## Synthetic dataset generation
Author: Lin Lee Cheong <br>
Date: 12/12/ 2020 <br>

Goal of this synthetic dataset is to create datasets to help understand how different relationships between tokens affect attention, SHAP and other interpretability factors.
- length of events (30, 300, 900)
- spacing between 2+ coupled events, i.e. order of sequence matters
- amount of noise, i.e. performance vs interpretability
- vocabulary space

In [12]:
import yaml
import string
import os
import pandas as pd

from utils import *

In [13]:
%load_ext autoreload

%autoreload 2

The autoreload extension is already loaded.
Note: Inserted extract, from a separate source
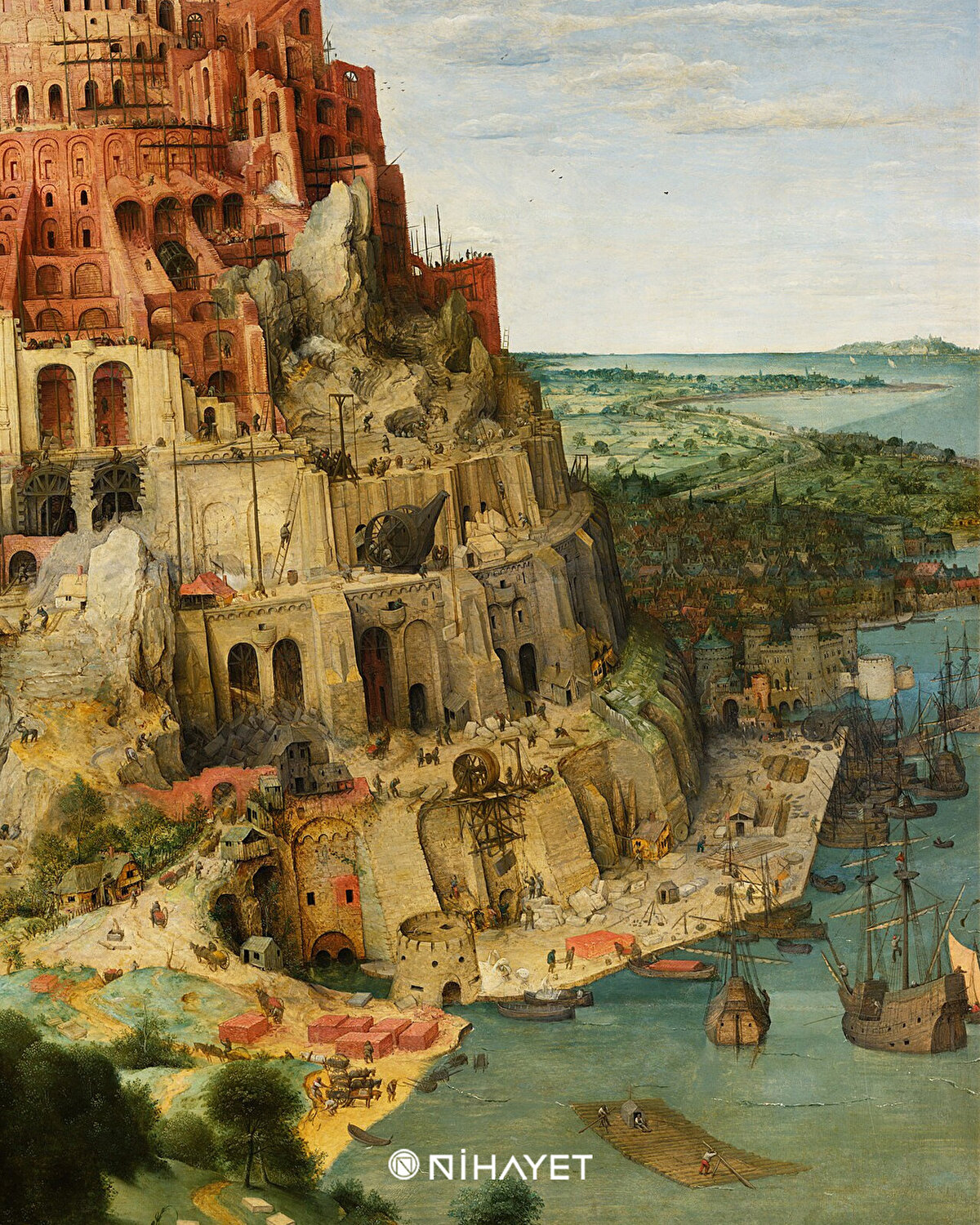 Pieter Bruegel'in bu tablosu Babil Kulesi adını taşıyor. Bruegel ömrü boyunca farklı dini hikayeleri sanatına uyarladı. Babil Kulesi'nin hikâyesi cezalandırılmış kibrin bir örneği olarak yorumlanmıştır ve Bruegel'in resmiyle anlatmak istediği de şüphesiz budur. Dahası, mühendislerin, duvar ustalarının ve işçilerin telaşlı faaliyetleri ikinci bir derse işaret eder: insan çabalarının çoğunun beyhudeliği...

To reload it, use:
  %reload_ext autoreload


In [26]:
TOKEN_NAMES_FP = './tokens.yaml'

SEQ_LEN = 900 #300 #900

TRAIN_FP = 'data/train_seq{}.csv'.format(SEQ_LEN)
VAL_FP = 'data/val_seq{}.csv'.format(SEQ_LEN)
TEST_FP = 'data/test_seq{}.csv'.format(SEQ_LEN)

UID_COLNAME = 'patient_id'

TRAIN_NROWS = 3000
VAL_NROWS = 1000
TEST_NROWS = 1000

UID_LEN = 10


In [27]:
#Load tokens from yaml file path
tokens = load_tokens(TOKEN_NAMES_FP)
for key in tokens.keys():
    print(f"{key}: {len(tokens[key])} tokens")

adverse_tokens: 4 tokens
adverse_helper_tokens: 6 tokens
adverse_unhelper_tokens: 5 tokens
noise_tokens: 15 tokens


### Simple dataset

Get simple dataset:
- positive set: (+++, 1 major + a helper), (++, 1 major), (+, 3 helper)
- negative set: (---, 3 unhelper), (--, 1 helper + 2 unhelper), (-, 2 helper + 1 unhelper)


**NOTES**<br>
n_ppp_adverse = 2000 # 1 adverse event + 1 helper event <br>
n_pp_adverse = 2000 # 1 adverse event <br>
n_p_adverse = 2000 # 3 helper events <br><br>
n_nnn_adverse = 2000 # 3 unhelper events <br>
n_nn_adverse = 2000 # 1 helper + 2 unhelper <br>
n_n_adverse = 2000 # 2 helper + 1 unhelper <br>

In [28]:
train_count_dict = {
    'n_ppp_adverse': TRAIN_NROWS,
    'n_pp_adverse': TRAIN_NROWS,
    'n_p_adverse': TRAIN_NROWS,
    'n_nnn_adverse': TRAIN_NROWS,
    'n_nn_adverse': TRAIN_NROWS,
    'n_n_adverse': TRAIN_NROWS
}

val_count_dict = {
    'n_ppp_adverse': VAL_NROWS,
    'n_pp_adverse': VAL_NROWS,
    'n_p_adverse': VAL_NROWS,
    'n_nnn_adverse': VAL_NROWS,
    'n_nn_adverse': VAL_NROWS,
    'n_n_adverse': VAL_NROWS
}

test_count_dict = {
    'n_ppp_adverse': TEST_NROWS,
    'n_pp_adverse': TEST_NROWS,
    'n_p_adverse': TEST_NROWS,
    'n_nnn_adverse': TEST_NROWS,
    'n_nn_adverse': TEST_NROWS,
    'n_n_adverse': TEST_NROWS
}

In [29]:
train_simple_data = get_simple_dataset(
    seq_len=SEQ_LEN, uid_len=UID_LEN, uid_colname=UID_COLNAME, count_dict=train_count_dict, tokens=tokens)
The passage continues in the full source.